„Streulicht” von Deniz Ohde, empfohlen von Barbara Piórkowska.

Scham über die Herkunft und mangelndes Selbstwertgefühl – darum geht es in diesem Buch. In ihrem Debüt (nominiert für den Deutschen Buchpreis 2020) zeigt die junge Autorin aus Deutschland, wo die Wurzeln der Selbstsabotage liegen, die jede Entwicklung behindert und aus einer Stagnation in Angst und erlernter Hilflosigkeit resultiert. Auch die äußere Realität, in der der Protagonist aufwächst, hilft ihm auf seinem Weg nicht weiter. Der Roman „Streulicht” ist damit zugleich eine Anklage gegen ein Bildungssystem und eine Sozialpolitik, die den Schwachen nicht immer eine Chance gibt.
Aufgewachsen in einer kleinen deutschen Industriestadt, hat es die Tochter einer türkischen Frau und eines deutschen Mannes schon beim Einstieg ins Leben schwerer als ihre Altersgenossen aus gutem Hause in der Gegend. Die Vorbilder, die sie von ihren Eltern erhält, sind für einen starken Menschen schwer zu ertragen, geschweige denn für ein verunsichertes Mädchen. Ein deutscher Arbeiter, der von seinem Vater noch das unverarbeitete Erbe des Zweiten Weltkriegs in sich trägt (Deniz Ohde beschreibt brillant die irrationalen Rituale beim Horten von Habseligkeiten und Lebensmitteln) und eine Mutter, die völlig in das patriarchalische Stereotyp der Märtyrerin gezwungen ist, eine co-abhängige, ökonomische Schwarzmeer-Immigrantin, diese beiden sind nicht in der Lage, der jungen Persönlichkeit, die sich gerade aufbaut, irgendeine Unterstützung zu geben. In den 1990er Jahren, in denen die Handlung spielt, gibt es noch keine psychologischen und pädagogischen Instrumente für den Umgang mit dem Generationentrauma und dem Trauma eines Kindes, das in einem gewalttätigen Elternhaus aufwächst (auch nicht für Erwachsene). Das Fehlen von Wissen und systemischer Unterstützung für ein Kind, das die Welt anders wahrnimmt und empfindet als alle anderen um es herum, stürzt die junge Psyche in einen Stillstand.
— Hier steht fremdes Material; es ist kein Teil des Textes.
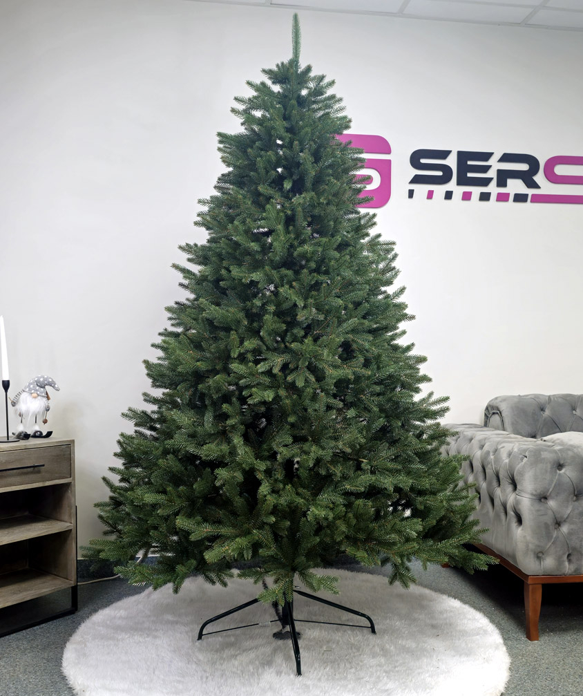 Imagine reala de prezentare pentru modelul Alpin Select, varianta 210cm PARAMETRII: – Inaltimea totala a bradului (dimensiune masurata de la podea pana in varf, cu tot cu suport): 230cm – Diametrul (latimea la baza in cel mai lat punct): 155cm – Numarul total al ramificatiilor: 1323 dintre care:– Crengute 2D, material PVC: -– Crengute 3D, material PE: 1323– Suport inclus: metal– Zapada: NU– Alte decoratiuni: –– Greutate (fara ambalaj): 18.6kg– Dimensiune ambalaj carton: 35 x 35 x 130cm BRAD DE CRACIUN UNIC PENTRU CRACIUN UNIC Ce poate fi mai fermecator decat atmosfera unica a Craciunului? Si probabil ca niciunul dintre noi nu se indoieste ca un brad splendid impodobit este cel mai important element care construieste aceasta atmosfera magica de Craciun. La urma urmei, ritualul anual al impodobirii in familie a bradului de Craciun este unul dintre cele mai de neuitat momente, evocand multe amintiri frumoase. Bradul de Craciun prezentat va reflecta atmosfera minunata a Craciunului intr-un mod unic, si in acelasi timp atat de cunoscut si de indragit, subliniindu-i caldura si atmosfera de familie. DESCOPERA AVANTAJELE POMULUI NOSTRU DE CRACIUN – manopera precisa, imbinand soliditatea cu eleganta– densitate mare de ramuri si ace– distributie uniforma a acelor pe toata ramura – fara goluri– spatiu liber sub etajul inferior pentru cadouri– posibilitate de modelare a crengutelor in mai multe moduri– varietatea si realismul capetelor de crenguta– culoarea acelor imitand perfect acele naturale– diferentierea ramurilor – in functie de nivelul de inaltime– grosimea si durabilitatea firelor– fiabilitatea intregii structuri – arborele este aproape imposibil de distins de brazii naturali Cu bradul Christmas Deluxe by Sersimo® – un element inseparabil al Craciunului – veti petrece aceasta perioada magica de iarna intr-o aura de bucurie si caldura. Ganditi-va doar cat de frumos vor arata decoratiunile – stralucitoare, presarate cu sclipici, incalzind interiorul. Chiar si oamenii care nu impartasesc entuziasmul de Craciun recunosc ca un brad de Craciun impodobit frumos creeaza o atmosfera aparte. Cel mai mare avantaj al bradului nostru de Craciun este numarul mare de ramuri dens aranjate. Datorita densitatii si elegantei sale captivante, nu necesita prezenta a numeroase decoratiuni, fiind cu adevarat un decor grozav al oricarui interior! Etajul cel mai de jos al pomului de Craciun este la inaltimea potrivita, astfel incat sa puteti pune cu usurinta cadourile de Craciun sub el.Crengile pot fi indoite cu usurinta in diferite directii pentru a modela diferitele ramuri ale pomului si a le da forme diferite. Crengutele individuale au finaluri realiste si variate, iar niciuna nu este taiata intr-un mod artificial si inestetic. Culoarea lor intr-un mod extrem de realist imita culoarea reala a coniferelor si nu se estompeaza in timp. Sarma ascunsa cu grija nu se vede prin ace si, in acelasi timp, este suficient de groasa si rezistenta pentru ca bradul sa va serveasca ani de zile! Ace din folie PVC, puternice si durabile, sunt in acelasi timp extrem de placute la atingere. Deoarece bradul de Craciun – spre deosebire de copacii adevarati – nu ii pierde, nu va fi nevoie sa aspirati camera in mod regulat. Mai mult decat atat, acele sunt distribuite uniform pe toata lungimea ramurii, garantand astfel un efect vizual de densitate, fara goluri. https://youtube.com/shorts/zsVyUqXssI0

Stattdessen gibt es Rassendiskriminierung und Chauvinismus, und zwar in zunehmendem Maße. Der im Roman in winzigen, aber stechenden Details beschriebene Prozess (ein Schubser auf dem Spielplatz, eine Herausforderung, die hin und wieder gestellt wird, Stutzen durch den Lehrer und die Annahme, dass alle Einwanderer unfähig sind), der die „weniger” Geborenen an den Rand der Bildung drängt, ist sehr subtil, fast unsichtbar, aber schockierend in seiner Beschreibung. In gewalttätigen und verarmten Familien oder einfach bei Einwanderern mit Sprachschwierigkeiten werden die Menschen durch Druck und Missachtung von außen sofort in Rollen gedrängt, aus denen sie später nur schwer wieder herauskommen. Die Protagonistin ist diesem Übel fast völlig hilflos ausgeliefert; mit ihrer Hypersensibilität, die man heute salopp als Neuroatypie bezeichnet, kommt sie in der Welt nicht gut zurecht. Sie fühlt sich machtlos und hat sogar Angst zu träumen.
Ohne Personen wie den Abendschullehrer, der das Potenzial der Protagonistin erkennt und sie ermutigt, ihr Abitur zu machen, wäre das junge Mädchen nicht weitergekommen, an eine Universität, die ihr die Welt eröffnet, viele Kilometer von zu Hause entfernt. Aber machen wir uns nichts vor – es ist nicht die Person dieses Lehrers, die sie vor der Unterdrückung rettet. Auch nicht die Natur, die normalerweise, aber nicht immer, gegen die Depression hilft. Die Erfahrung, aus den Tiefen des eigenen Unglaubens herauszukommen, ist das Reich der eigenen Psyche, in der sich etwas verändert und verhärtet haben muss. Und was das ist, zeigt uns Deniz Ohde nicht ganz. Oder doch? Das sollten Sie beim Lesen selbst herausfinden.